Roskilde Cathedral in Denmark is a beautiful, fascinating building and well worth a visit.
Days later I was at the Louisiana Museum of Modern Art. It has nothing to do with the United States, but is instead named after the wife of the founder.
The very first picture the guide took us to had a Christian looking cross in black against a white background. The block in the top left corner was completely filled with orange paint. What was it? asked the guide. None of us could work it out. Not one.
It was, she said, a painting of a tree, with the sun in the background, totally stripped down to its barest essentials. All you needed to see, the artist was implying, is the shape of the tree and the colour of the sun.
WOW!!!! Now she had my attention. The problem was that I didn’t like the paintings that followed, couldn’t see their reasoning and so my interest waned and died. But I never forgot that one painting. I was knocked over by it.
Two years later, I had started my Communications Studies degree and was beginning to feel that I had found one of my passions, Cultural Studies (I know, but someone has to like it). Among the books on my reading list was Ernst Gombrich’s The Art of Illusion. Now I know what I’m about to describe sounds cheesy and silly, but here it goes.
I had got the book from the faculty library and started flicking through it, scanning the pages and looking at the pictures (HA! there it is!) when I spotted a black and white reproduction of one of Claude Monet’s views of Rouen Cathedral.

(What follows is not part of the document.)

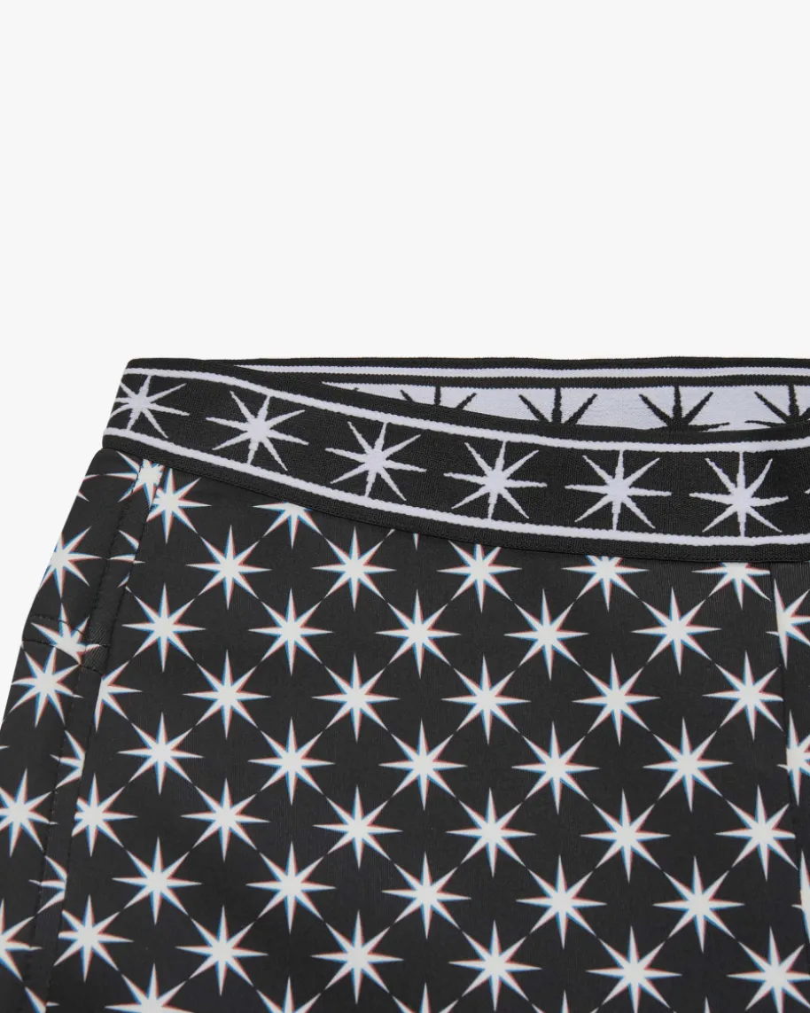 Frederica 7/8-Hose Feminine Fit für Damen von Marc Cain in Schwarz und Weiß. Diedeutsche Marke steht für selbstbewusste, feminine Looks. Auch dieses Modellpräsentiert sich mit dezent ausgestellter Passform und elastischem Bund mitStern-Design, während die elastische Qualität in Neopren-Optik für angenehmenTragekomfort sorgt. Das modische Allover-Muster rundet den sportiven Look mitwinterlichem Touch gekonnt ab.

I was transfixed. I was stunned. I couldn’t take my eyes from it. I felt a hatch into a completely different world suddenly opening up and I knew I had to follow; that my life would never, ever, be the same again. Black and white for crying out loud.
Suddenly I went mad about paintings. Not ‘merely’ the Impressionists, but everyone-ists. Old Masters, Modernists, you name it, I wanted to see it. Within weeks I was debating the finer points of Cubism, comparing it to the work of the French Realists, contrasting a Picasso ‘Table Lamp and Cup’ to a Fantin-Latour ‘Still Life with Fruit’.
What one of my classmates had dismissed as ‘blob paintings’ suddenly made sense to me. Or if it didn’t, I could have fun wracking my brain, reading up on it to work out what the artist had been trying to say and do.
I have never lost that awe, wonder, excitement of those early days when I discovered Art and Painting.
In the following years I saw each of the Fine Art Department Final Year Shows, gushing profusely over the ideas and work of the students involved.
Going down Memory Lane is not something I like to do: never go back to your past, it’s never as good the second time round. That was my mum’s advice the year after I’d been to Denmark because I wanted to return. Like most mums, she was dead right.
However, there are three things I would love to do again. The Louisiana Museum of Modern Art would be worth a rematch because I barely understood what I was seeing. I was incapable of making a judgement, except for that spectacular first painting, what I now know was a Mondrian.
Roskilde Cathedral too, deserves a second look. Not simply to see that chapel, remember its name and take in the effect of something I can now better understand. But to take in the whole building that I couldn’t appreciate when I first saw it.
Finally, I would revisit the Danish Royal Ballet. Like many of my compatriots in that week, I was horrified to be told we would be seeing a performance of Romeo and Juliet. A…a…ballet!!! Booooorrrrrinnnng!!!!!
I was the only one of them to stay after the interval. Watching the dancers, how they moved in flawless keeping to that music; their athleticism, the beauty of the music and choreography, how the two blended into one sinuous vision…I was moved like never before and barely since.